Development and evaluation of a deep learning model to improve the usability of polyp detection systems during interventions.

BACKGROUND: The efficiency of artificial intelligence as computer-aided detection (CADe) systems for colorectal polyps has been demonstrated in several randomized trials. However, CADe systems generate many distracting detections, especially during interventions such as polypectomies. Those distracting CADe detections are often induced by the introduction of snares or biopsy forceps as the systems have not been trained for such situations. In addition, there are a significant number of non-false but not relevant detections, since the polyp has already been previously detected. All these detections have the potential to disturb the examiner's work.
OBJECTIVES: Development and evaluation of a convolutional neuronal network that recognizes instruments in the endoscopic image, suppresses distracting CADe detections, and reliably detects endoscopic interventions.
METHODS: A total of 580 different examination videos from 9 different centers using 4 different processor types were screened for instruments and represented the training dataset (519,856 images in total, 144,217 contained a visible instrument). The test dataset included 10 full-colonoscopy videos that were analyzed for the recognition of visible instruments and detections by a commercially available CADe system (GI Genius, Medtronic).
RESULTS: The test dataset contained 153,623 images, 8.84% of those presented visible instruments (12 interventions, 19 instruments used). The convolutional neuronal network reached an overall accuracy in the detection of visible instruments of 98.59%. Sensitivity and specificity were 98.55% and 98.92%, respectively. A mean of 462.8 frames containing distracting CADe detections per colonoscopy were avoided using the convolutional neuronal network. This accounted for 95.6% of all distracting CADe detections.
CONCLUSIONS: Detection of endoscopic instruments in colonoscopy using artificial intelligence technology is reliable and achieves high sensitivity and specificity. Accordingly, the new convolutional neuronal network could be used to reduce distracting CADe detections during endoscopic procedures. Thus, our study demonstrates the great potential of artificial intelligence technology beyond mucosal assessment.

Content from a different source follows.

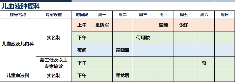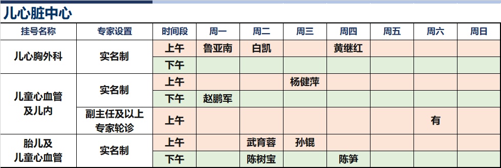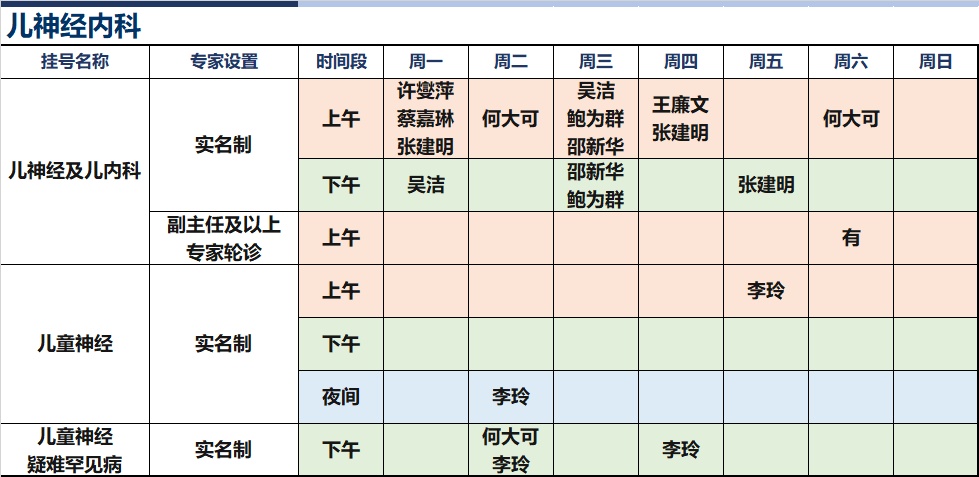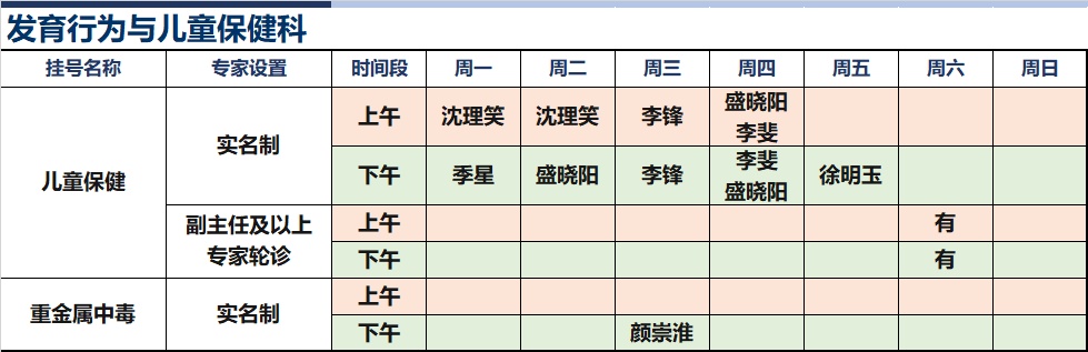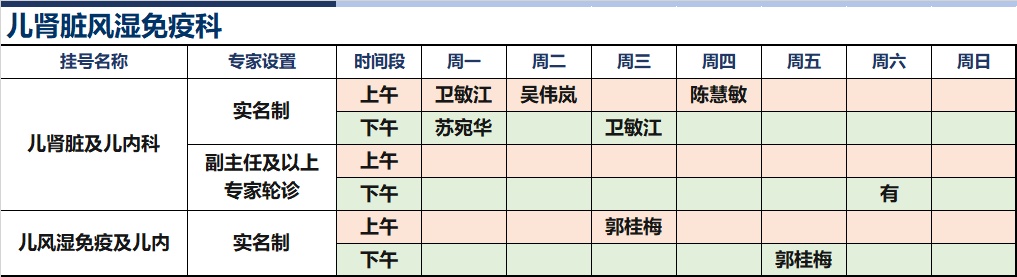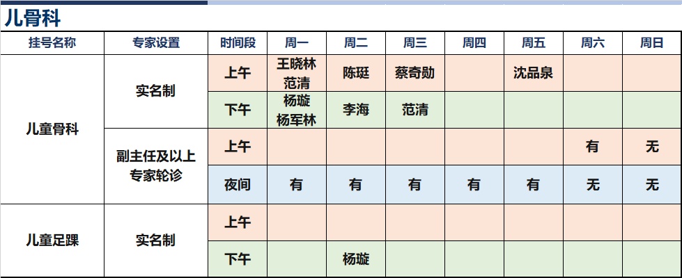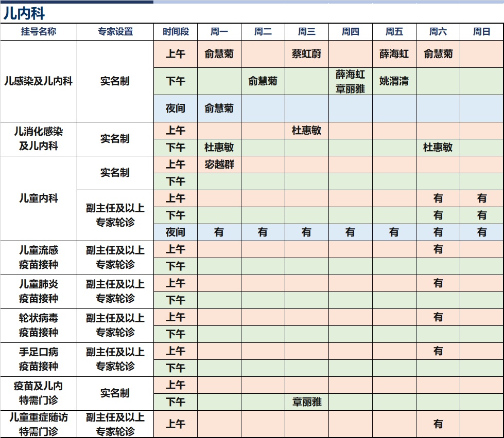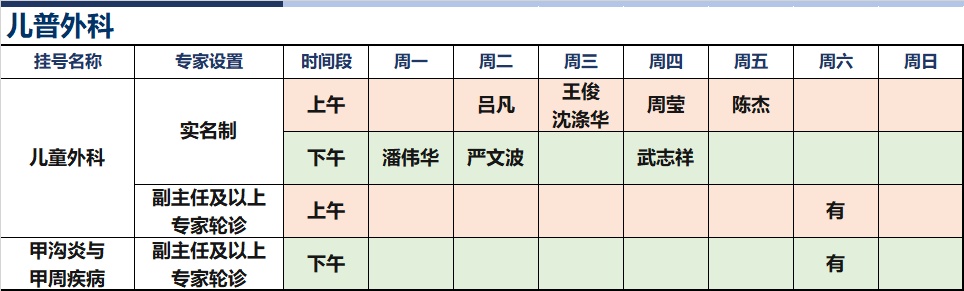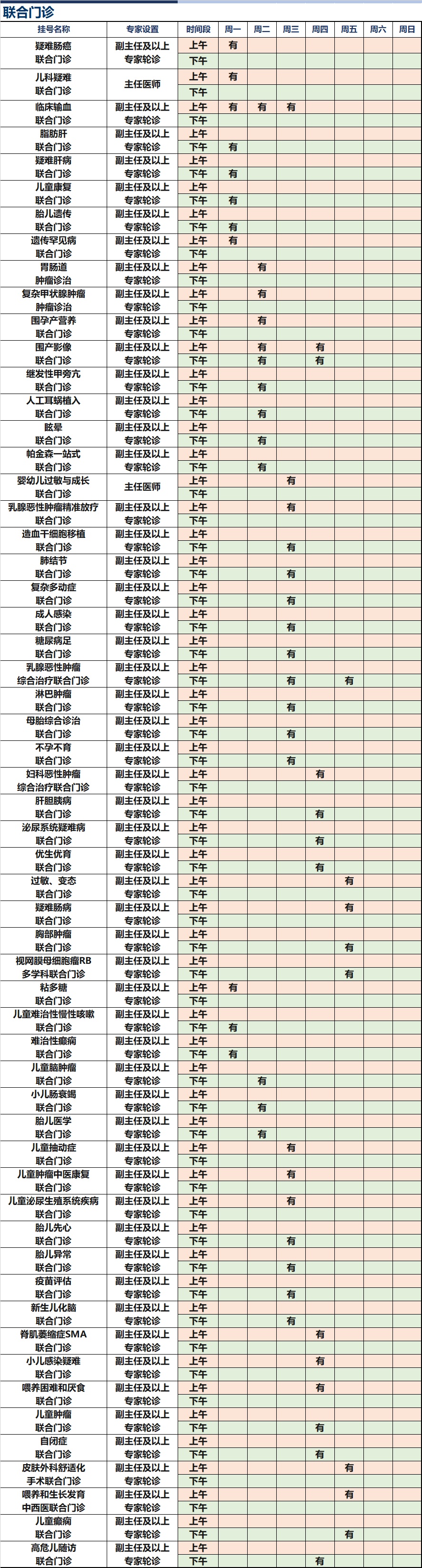 上海新华医院2023年1月份高级专家(特需)门诊一览表

Summarize the established knowledge on this subject

Multiple computer‐aided diagnosis (CADe) systems for polyp detection are currently introduced into clinical practice.

CADe results in multiple distracting detections, especially during therapeutic interventions when instruments are visible.

What are the significant and/or new findings of this study?

Development and evaluation of a deep learning model to recognize visible instruments that are used for therapeutic intervention in gastrointestinal endoscopy.

Our model automatically prevents distracting CADe detections during therapeutic interventions.

INTRODUCTION

Artificial intelligence (AI) for colonic polyp detection is the most important application of this new technology in gastrointestinal endoscopy to date. Efficiency and functionality of these computer‐aided detection (CADe) systems have been demonstrated in several randomized trials. , , , , , However, CADe systems also show many false positive (FP) detections. , These false markings can affect the examiner's concentration. If a false detection occurs in addition to a relevant finding, the examiner's attention may be distracted, leading to missed findings in the worst case.

Daily use of CADe systems shows that endoscopic interventions (especially biopsies and polypectomies) lead to many false activations of CADe systems. In this case, false positive activations occur due to the inserted instruments (forceps, needle, snare), but also due to intervention on the mucosa itself (injection, resection, clipping). In addition, there are a significant number of non‐false but not relevant detections, since the polyp has already been previously detected. To enable the investigators to put their full concentration on the intervention, no distracting AI signals regarding polyp detection should be visible during the procedure.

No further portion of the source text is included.